Your task - Skip the pictures and give back the rest of the listing exactly.

Data provided -
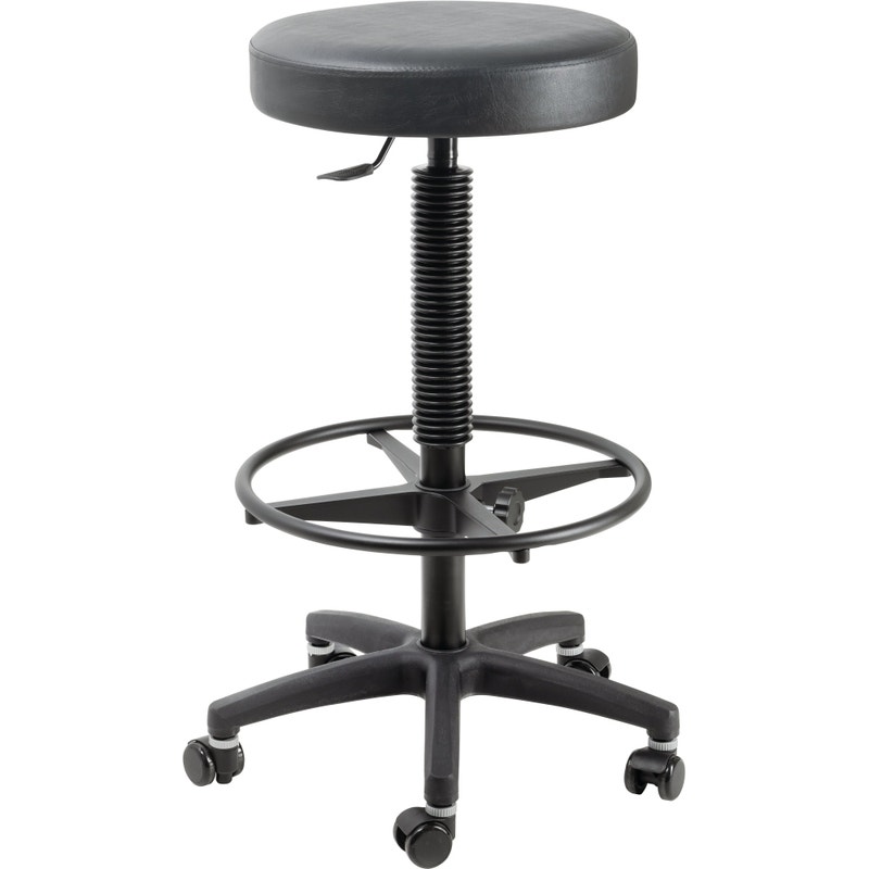 Ekstra høy pall med hjul, rund sitte og stegløs høydejustering med pneumatisk fjær.
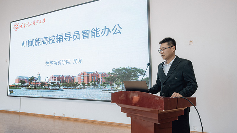 会上,数字商务学院辅导员吴龙老师围绕《AI赋能高校辅导员智能办公》展开深度分享,分别从智能体、智能体直接应用、智能体间接应用、图像应用等四个关键维度,为全体辅导员呈现了AI技术在高校学生工作办公场景中的实践方向与应用价值。
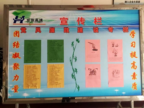 宣傳欄主要體現(xiàn)了兩個特點:一是主題鮮明。主要以黨風廉政建設和反腐倡廉工作為題材,把思想教育和加強作風建設打造為民、務實、清廉的黨員干部隊伍結合起來,做成弘揚正氣的宣傳陣地;二是形式多樣。宣傳欄通過張貼反腐倡廉文章、廉政格言警句、漫畫等,不斷豐富廉政宣傳內(nèi)容。
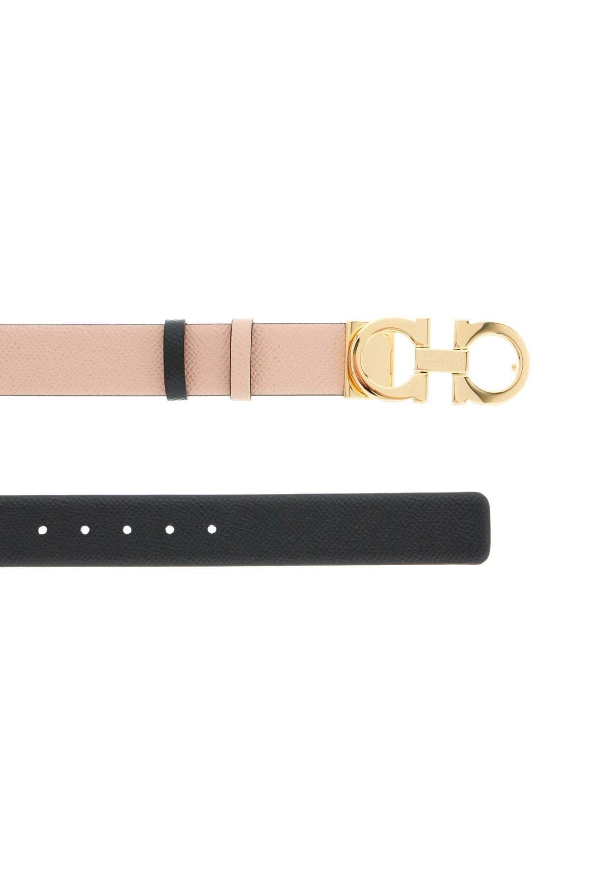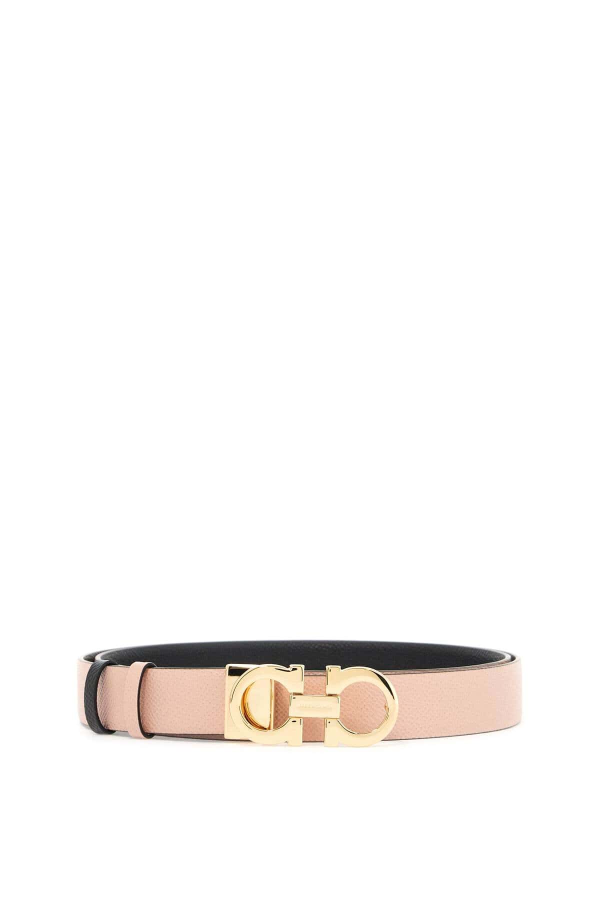 FERRAGAMO reversible belt made of hammered leather on both sides. The closure features the iconic Gancini buckle in gold-tone metal. The item shown in the photo corresponds to size 100.

Solution to the exercise -
 Ekstra høy pall med hjul, rund sitte og stegløs høydejustering med pneumatisk fjær.
 会上,数字商务学院辅导员吴龙老师围绕《AI赋能高校辅导员智能办公》展开深度分享,分别从智能体、智能体直接应用、智能体间接应用、图像应用等四个关键维度,为全体辅导员呈现了AI技术在高校学生工作办公场景中的实践方向与应用价值。
 宣傳欄主要體現(xiàn)了兩個特點:一是主題鮮明。主要以黨風廉政建設和反腐倡廉工作為題材,把思想教育和加強作風建設打造為民、務實、清廉的黨員干部隊伍結合起來,做成弘揚正氣的宣傳陣地;二是形式多樣。宣傳欄通過張貼反腐倡廉文章、廉政格言警句、漫畫等,不斷豐富廉政宣傳內(nèi)容。
 FERRAGAMO reversible belt made of hammered leather on both sides. The closure features the iconic Gancini buckle in gold-tone metal. The item shown in the photo corresponds to size 100.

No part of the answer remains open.